Uncle River is due to appear as a panelist at two SF conventions in Summer, 2002: ReaderCon in the Boston area, July 12-14, and ArmadilloCon in Austin, Aug. 16-18. Trained in Jungian Analysis and holding what he believes to be the world's only earned Ph.D. in Psychology of the Unconscious (Union Institute, 1974), Uncle River has lived as a hermit/writer in the mountain Southwest for the past 20 years.
MOGOLLON NEWS
Set in the real New Mexico ghost town of Mogollon where Uncle River lived for five years, the fictitious "Mogollon News" began as a column in the Silver City Enterprise, at the time New Mexico's oldest continuously published weekly paper, in 1985. The "Mogollon News" ran as a regular feature on Public Radio Station KRWG, Las Cruces, from 1986-90, and has appeared as a column in several regional newspapers. Through the 90s, it was a regular feature in the leading British experimental speculative fiction periodical, BBR. Sufficiently authentic to back-country life that Uncle River's local postmistress wondered why she didn't know the people whose tales appeared in the paper, the complete "Mogollon News" comprises over two hundred stories, like the ones posted here. (Available in book-manuscript format to interested publishers.)
THUNDER MOUNTAIN
Thunder Mountain, (Mother Bird Books, 1213 Durango, Silver City, NM 88061, 189 pp., trade papberback, $11 + $1.50 shipping.) Set in the fictitious Thunder Range of remote Southwestern New Mexico, Thunder Mountain "explores how the land can live and how human spirits can bond with the land" (BBR). Thunder Mountain will show you the difference between an outlaw and a criminal.
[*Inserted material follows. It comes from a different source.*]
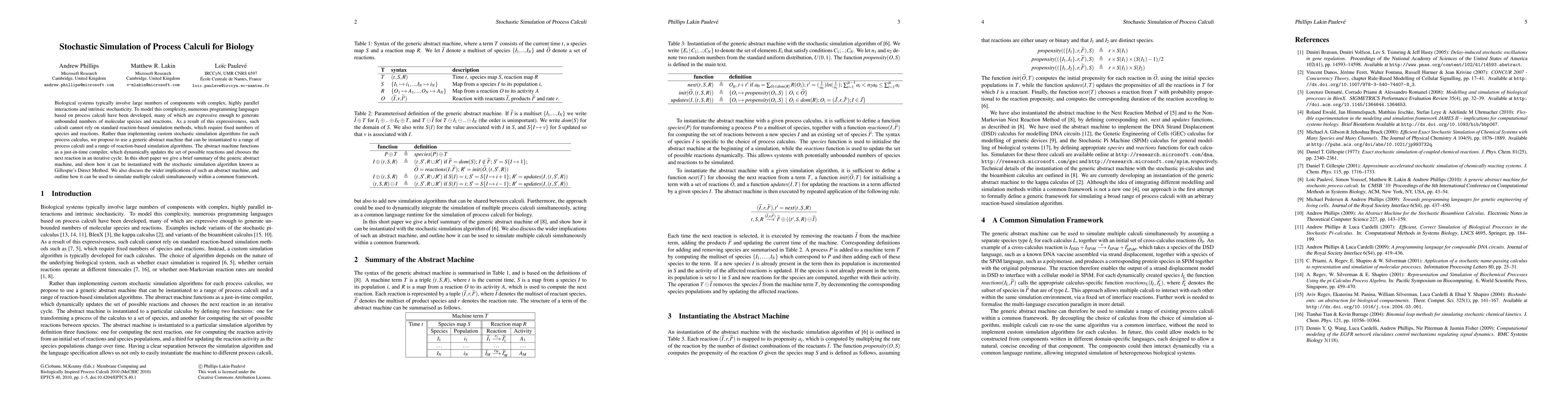 This paper proposes a generic abstract machine to simulate process calculi used in biological modeling, which dynamically updates reaction sets and selects reactions iteratively. It demonstrates the machine's instantiation with Gillespie's Direct Method and discusses its potential to simulate multiple calculi within a unified framework.
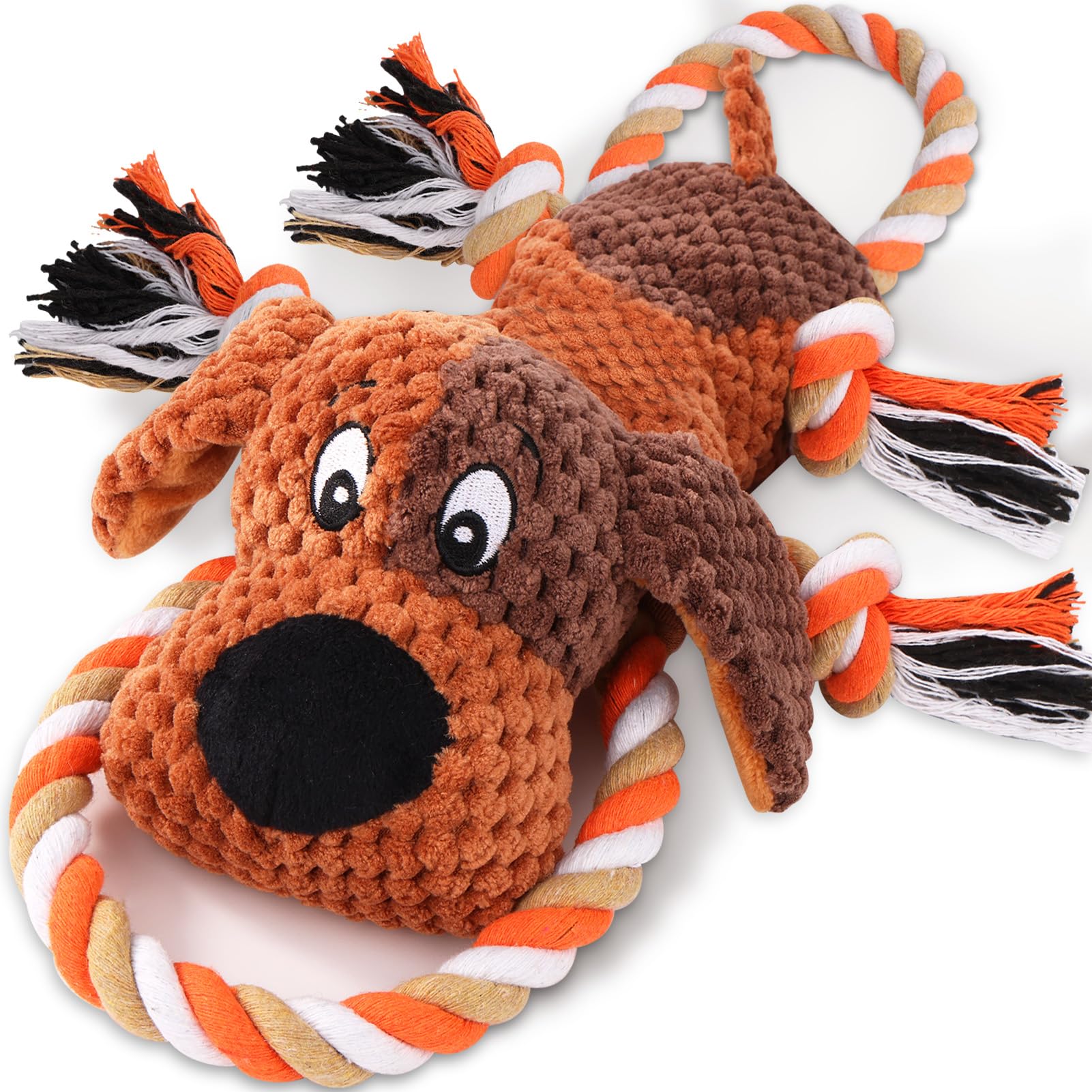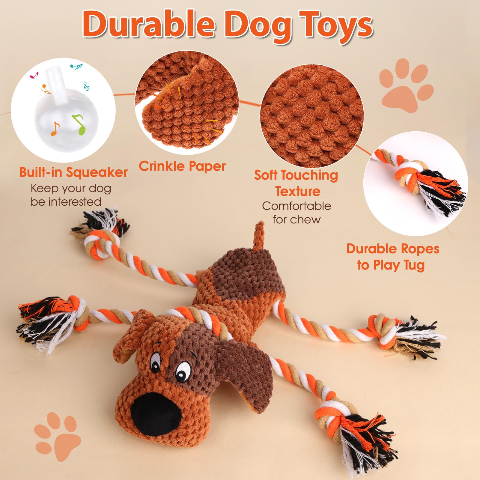 Plush Dog Toys with Rope, Squeaker & Crinkle Paper – Interactive Squeaky Chew Toy for Large Dogs & Puppies – Tough Pet Toy for Tug of War, Fetch & Dental Exercise

"Uncle River transcends mere authorship to become an authentic voice of the abused land." . . . Paul DiFilippo, Asimov's Science Fiction
". . . a new sort of creature, perhaps related to magical realism, which I hope gets positive notice in both of its home worlds - New Mexico regional writing and science fiction...The way the book is structured makes an important read, which is good since the story is pleasant and brings laughter and tears at the right places." . . . Don Webb, The New York Review of Science Fiction XIZQUIL
Speculative fiction, poetry, articles, and art, Uncle River edited XIZQUIL from 1989-98, through 16 issues, winning a Rhysling Award for Year's Best Long Poem from the Science Fiction Poetry Association and placing stories regularly on the Honorable Mention list in Gardner Dozois's annual Year's Best Science Fiction anthologies.
"What better place than the genre of the fantastic to explore new ways of telling stories? XIZQUIL, edited by Uncle River, is firmly pointed in this direction." . . . Michael P. Belfiore, Tangent.